▶ **DIRECTIONS**: Repeat only the lines below from the one that contains "一個40歲的男人,據說網傳是" through the final line, exactly. Omit pictures.

(Saved entries)
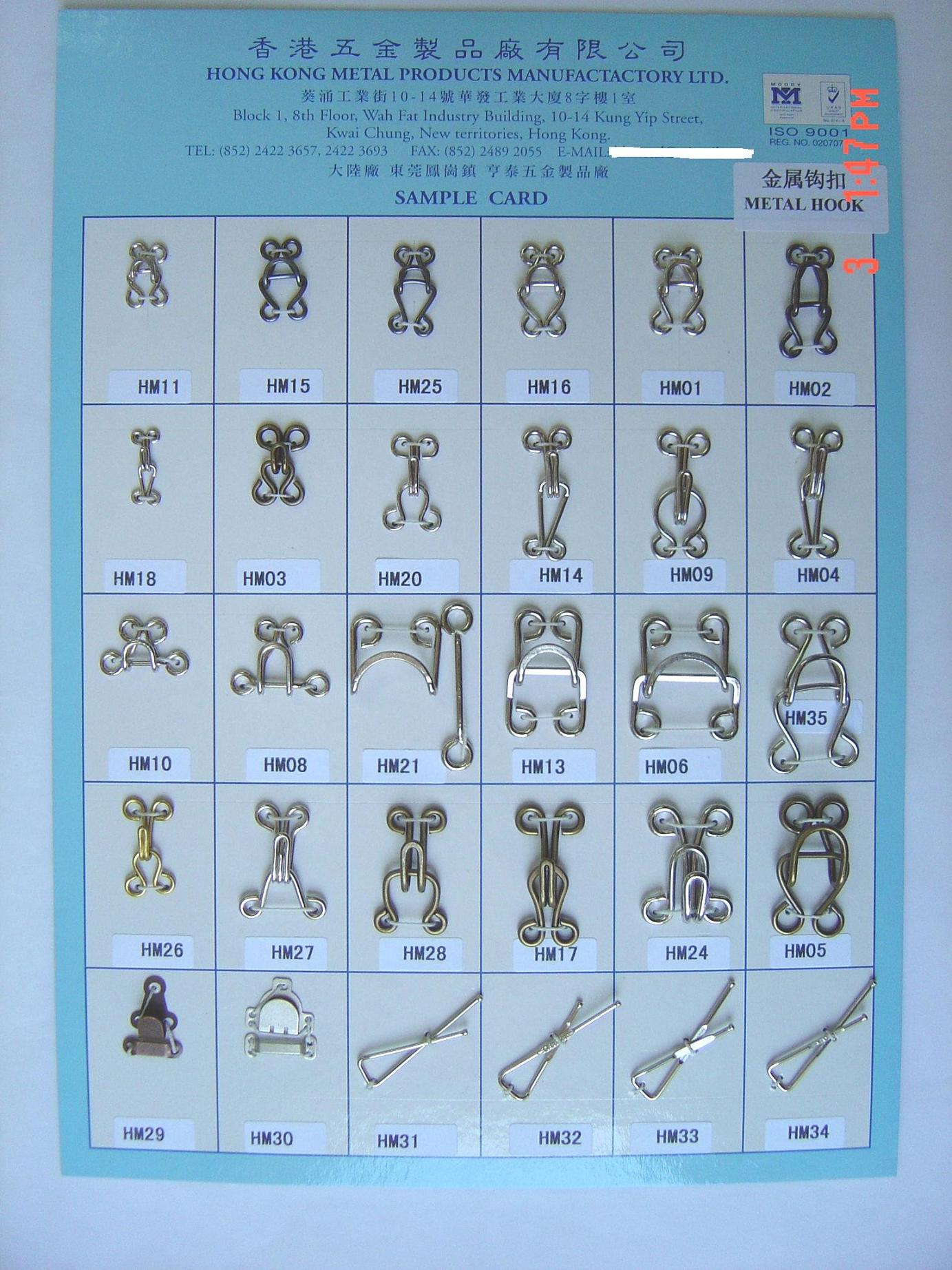 | Contact Details : | 香港五金製品廠有限公司 Hong Kong Metal Products Mfy. Ltd . . . . .東莞市駿雅鈕扣有限公司 Dong Guan Junya Matel Button Co., Ltd. | |
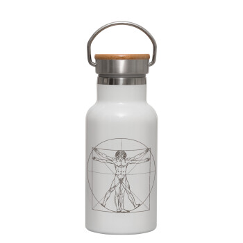 Leonardo da vinci Vitruvian Man, Μεταλλικό παγούρι θερμός (Stainless steel) Λευκό με ξύλινο καπακι (bamboo), διπλού τοιχώματος, 350ml
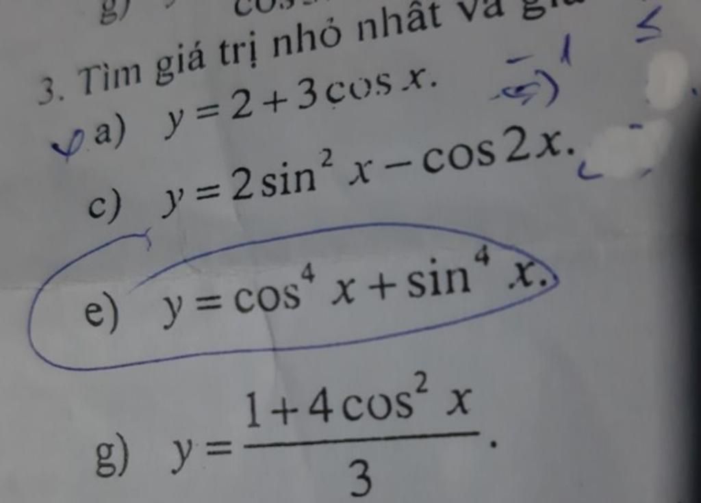 \[\begin{array}{l} c)\,\,y = 2{\sin ^2}x - \cos 2x = 2{\sin ^2}x - 1 + 2{\sin ^2}x = 4{\sin ^2}x - 1.\\ Ta\,\,co:\,\,\,0 \le {\sin ^2}x \le 1\\ \Rightarrow \,\,0 \le 4{\sin ^2}x \le 4\\ \Rightarrow \,\, - 1 \le 4{\sin ^2}x - 1 \le 3\\ \Rightarrow \left\{ \begin{array}{l} Min\,\,y = - 1\,\,\,\,\,khi\,\,\,\,{\sin ^2}x = 0\\ Max\,y = 3\,\,\,khi\,\,\,{\sin ^2}x = 1 \Leftrightarrow {\cos ^2}x = 0 \end{array} \right..\\ g)\,\,\,y = \frac{{1 + 4{{\cos }^2}x}}{3} = \,\frac{1}{3} + \frac{4}{3}{\cos ^2}x. \end{array}\] Đến đây em làm tiếp câu trên nhé em.
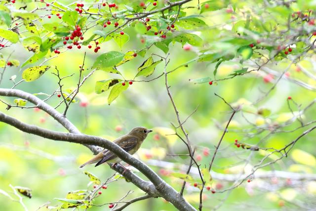 実が熟したところは多くはなく、ムギマキが見られた場所は限られていました。 運良く雄の成鳥にも出会うことができました。
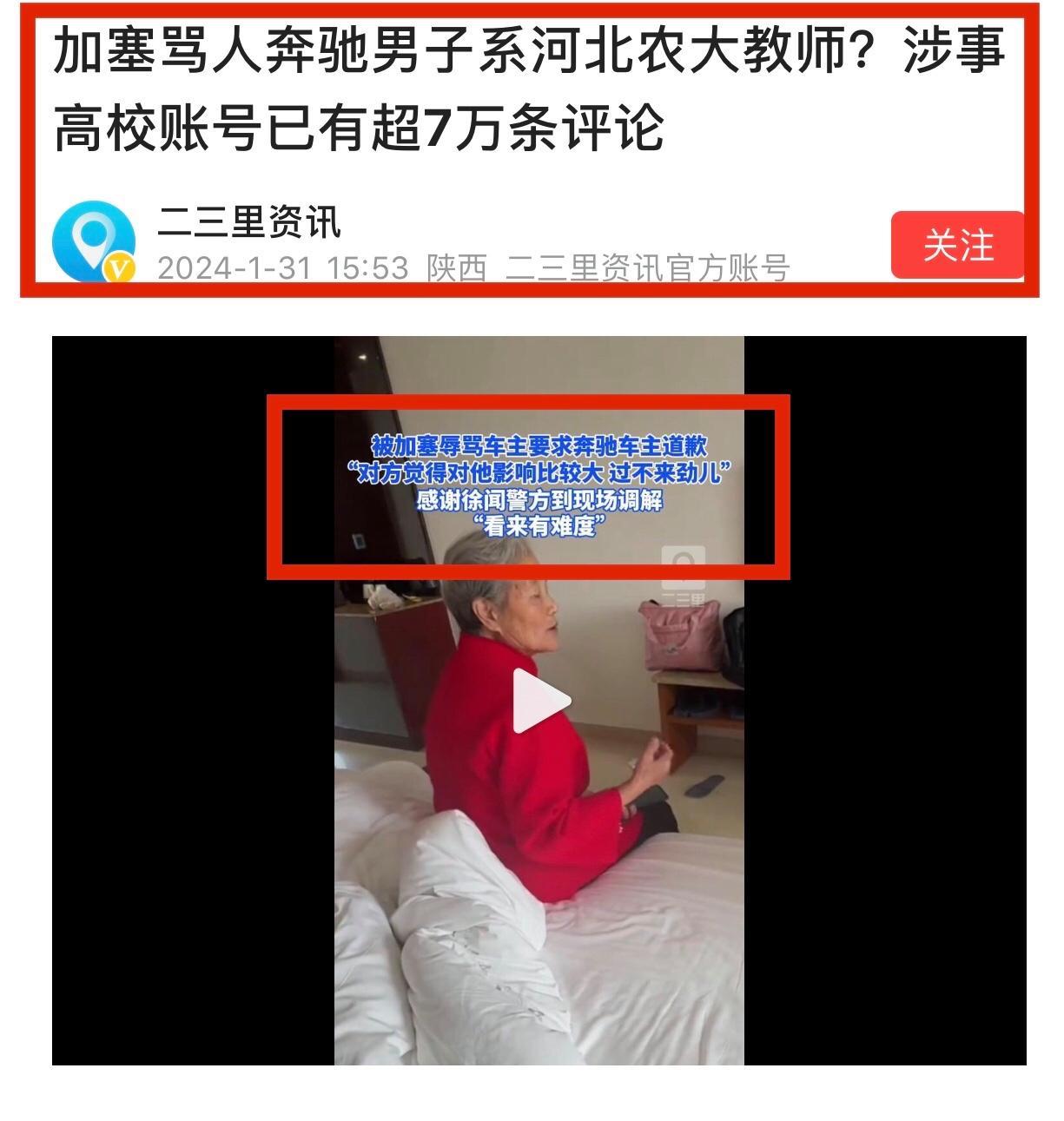 一個40歲的男人,據說網傳是大學老師,如果真是老師,他的學生犯點什麼錯,按照他罵人砸車性感邏輯方式,他是不是要把學生掐死,要把學生祖宗十八代罵過遍,這樣老師怎麼教書育人,顯然德不配位。(現在奔馳車主是不是大學老師待定,要等河北農業大學證實,但是他戴着一副眼鏡,看起來很有文化素養的人),還說別人激怒他,被人套路,你自己沒有獨立思考能力嗎?分不清是非嗎,不知道報交警處理嗎、如果老太太一家人真的別車搶到,報警作爲交通違法處置,爲何要上去辱罵人家,砸人家車,人品何在。
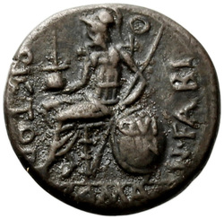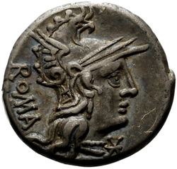 BALBVS ROMA X (crossed), Helmeted head of Roma, right; around, laurel-wreath.
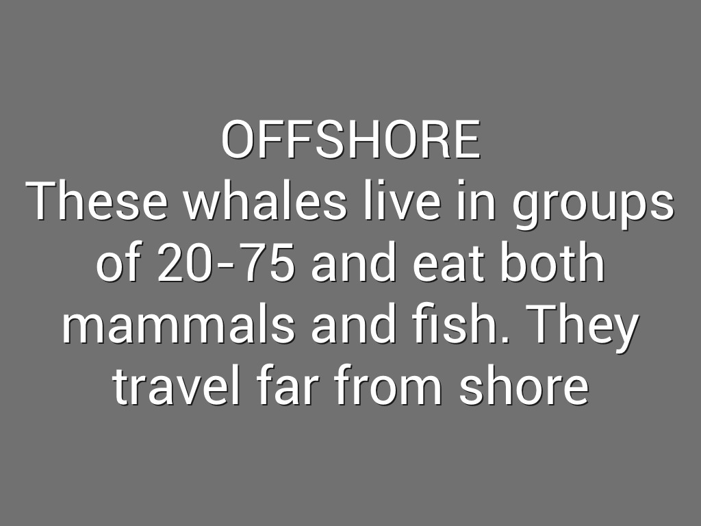 These whales live in groups of 20-75 and eat both mammals and fish. They travel far from shore
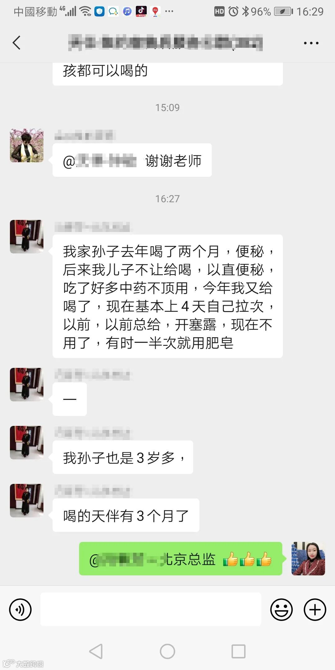 Q:我家孙子去年喝了两个月,便秘,后来我儿子不让给喝,一直便秘,吃了好多中药不顶用,今年又喝了,现在基本上4天自己拉次,以前,以前总给开塞露,现在不用了,有时一半次就用肥皂。
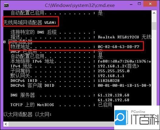 (4)、在运行结果中找到无线局域网下面的物理地址一行,后面的值就是网卡的MAC地址,笔记本的无线MAC地址是: 0C-82-68-63-DB-F7

▶ **YOUR SOLUTION**:
 一個40歲的男人,據說網傳是大學老師,如果真是老師,他的學生犯點什麼錯,按照他罵人砸車性感邏輯方式,他是不是要把學生掐死,要把學生祖宗十八代罵過遍,這樣老師怎麼教書育人,顯然德不配位。(現在奔馳車主是不是大學老師待定,要等河北農業大學證實,但是他戴着一副眼鏡,看起來很有文化素養的人),還說別人激怒他,被人套路,你自己沒有獨立思考能力嗎?分不清是非嗎,不知道報交警處理嗎、如果老太太一家人真的別車搶到,報警作爲交通違法處置,爲何要上去辱罵人家,砸人家車,人品何在。
 BALBVS ROMA X (crossed), Helmeted head of Roma, right; around, laurel-wreath.
 These whales live in groups of 20-75 and eat both mammals and fish. They travel far from shore
 Q:我家孙子去年喝了两个月,便秘,后来我儿子不让给喝,一直便秘,吃了好多中药不顶用,今年又喝了,现在基本上4天自己拉次,以前,以前总给开塞露,现在不用了,有时一半次就用肥皂。
 (4)、在运行结果中找到无线局域网下面的物理地址一行,后面的值就是网卡的MAC地址,笔记本的无线MAC地址是: 0C-82-68-63-DB-F7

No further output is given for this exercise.